◆ Data section ◆
▽

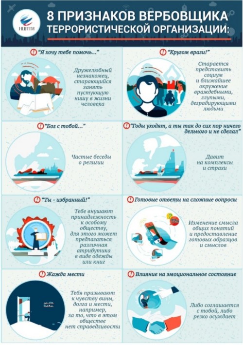 7) распространение средствами массовой информации идей и взглядов, ведущих к росту насилия, неравенства и нетерпимости, внушение населению всесильности и вседозволенности террористов и др.
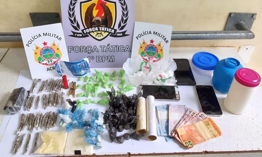 Uma ação dos Policiais Militares da Força Tática do 1° Batalhão resultou na prisão de dois traficantes e na apreensão de dinheiro e drogas na tarde desta terça-feira, 27. A prisão aconteceu na rua Plácido de Castro, no bairro Aeroporto Velho, região da Baixada da Sobral, em Rio Branco.
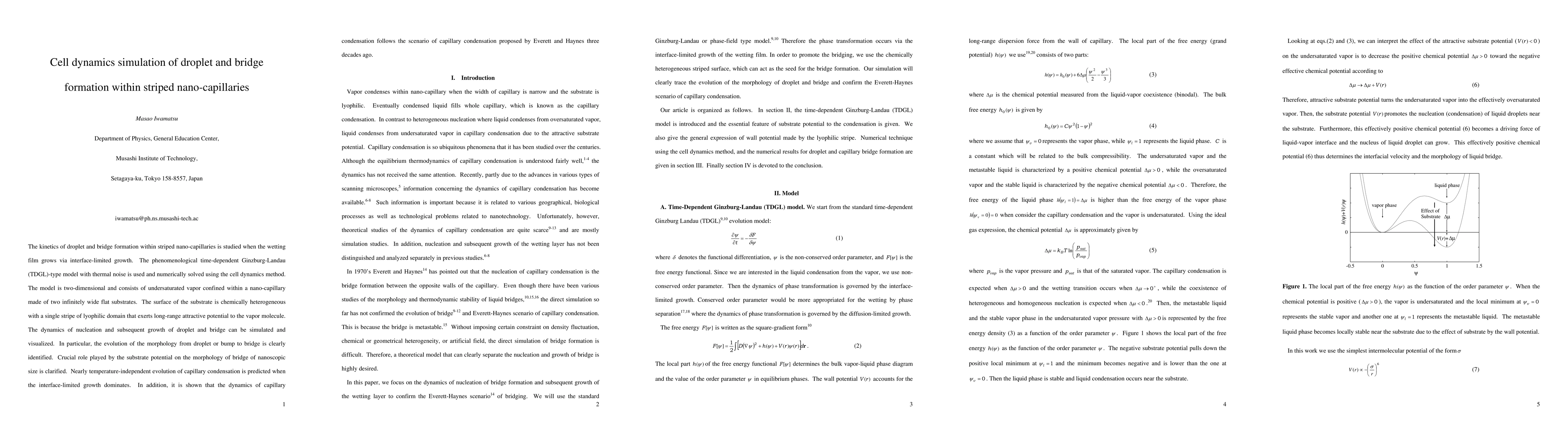 This paper uses a cell dynamics simulation to study droplet and bridge formation in striped nano-capillaries under interface-limited growth conditions, revealing the impact of substrate potential on nanoscopic bridge morphology and confirming the nearly temperature-independent evolution of capillary condensation.

△

◆ Exercise details ◆
Give back the whole of the material exactly, with the pictures removed.

◆ Expected answer ◆
 7) распространение средствами массовой информации идей и взглядов, ведущих к росту насилия, неравенства и нетерпимости, внушение населению всесильности и вседозволенности террористов и др.
 Uma ação dos Policiais Militares da Força Tática do 1° Batalhão resultou na prisão de dois traficantes e na apreensão de dinheiro e drogas na tarde desta terça-feira, 27. A prisão aconteceu na rua Plácido de Castro, no bairro Aeroporto Velho, região da Baixada da Sobral, em Rio Branco.
 This paper uses a cell dynamics simulation to study droplet and bridge formation in striped nano-capillaries under interface-limited growth conditions, revealing the impact of substrate potential on nanoscopic bridge morphology and confirming the nearly temperature-independent evolution of capillary condensation.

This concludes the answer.